Obviously $\cos \theta Y_{l}^m(\theta,\phi)$ has the opposite parity than $Y_{l}^{m'}(\theta,\phi)$. That implies that the integrand in the integral of the matrix element is antisymmetric under $\theta \rightarrow \pi-\theta$, which makes the integral over $\theta \in [0,\pi]$ vanish.

Indeed if $f(\theta)=-f(\pi-\theta)$ you have on the one hand
$$I=\int_0^{\pi} \mathrm{d} \theta \sin \theta f(\theta).$$
Now substitute $\theta'=\pi-\theta$
$$I=\int_0^{\pi} \mathrm{d} \theta' \sin(\pi-\theta') f(\pi-\theta').$$
Now $\sin(\pi-\theta')=\sin \theta'$ and by assumption $f(\pi-\theta')=-f(\theta')$, i.e.,
$$I=-\int_0^{\pi} \mathrm{d} \theta' \sin \theta' f(\theta')=-I \; \Rightarrow \; I=0.$$

 

[Meir Achuz]

For example $\langle L,0|cos(\theta)L,0\rangle= \int_{}^{} (Y_L^0)^{*}cos(\theta)Y_L^0 \,d\Omega$ is this zero?

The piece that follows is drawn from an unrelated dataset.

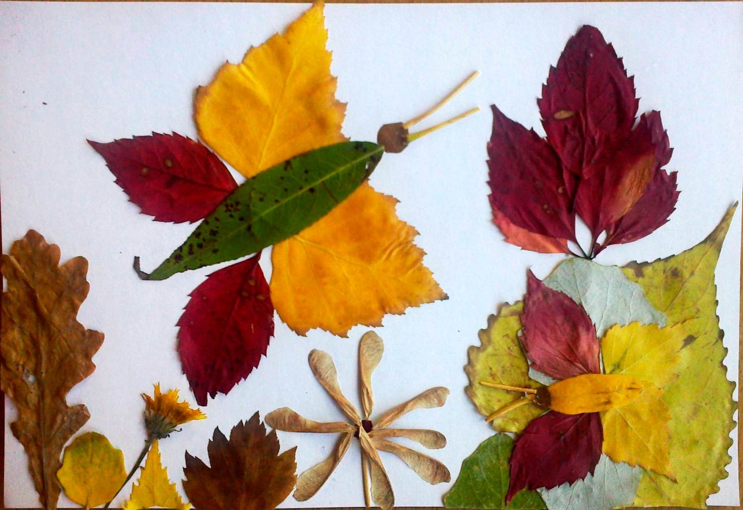 Стоит отметить, что сбор и заготовку листьев для таких поделок можно проводить по желанию только осенью, летом можно сушить листья между страницами книг, чтобы композиция выглядела более красочно, так как, например, осенью уже сложнее найти красивые зеленые листья подходящей формы и размера.

It's just simple integration. After the substitution $z=\cos\theta$, the integral becomes $\int_{-1}^{+1}dz$ of an odd function of z which vanishes.

 

[vanhees71]

The scalar product for functions on the unit sphere is defined by
$$\langle f|g \rangle=\int_0^{\pi} \mathrm{d} \theta \int_0^{2 \pi} \mathrm{d} \phi \sin \theta f^*(\theta,\phi) g(\theta,\phi).$$
In my calculation
$$f(\theta)=Y_l^{m*}(\theta,\varphi) Y_l^{m'}(\theta,\varphi) \cos \theta.$$
The integral over $\theta$ alone makes the integral vanish, no matter what the $\phi$ dependence is. The $\sin \theta$ must be in the integral because of the definition of the scalar product for $\mathrm{L}^2(\Omega)$, where $\Omega$ is the unit sphere in $\mathbb{R}^3$.

 

[Salmone]

@vanhees71 Perfect! Thank you for your time.

 

[Salmone]

One last thing, is it possible to write the integral as $\int_{-1}^{1} \mathrm{d} cos\theta \int_0^{2 \pi} \mathrm{d} \phi f^*(\theta,\phi) g(\theta,\phi)$ so that I'm integrating from $-1$ to $1$ an odd function?

 

[vanhees71]

Sure. Just substitute $u=\cos \theta$. Then $\mathrm{d} u =-\mathrm{d} \theta \sin \theta$ and thus
$$\langle f|g \rangle = \int_{-1}^1 \mathrm{d} u \int_0^{2 \pi} \mathrm{d} \phi f^* g,$$
where I wrote in a somewhat sloppy notation.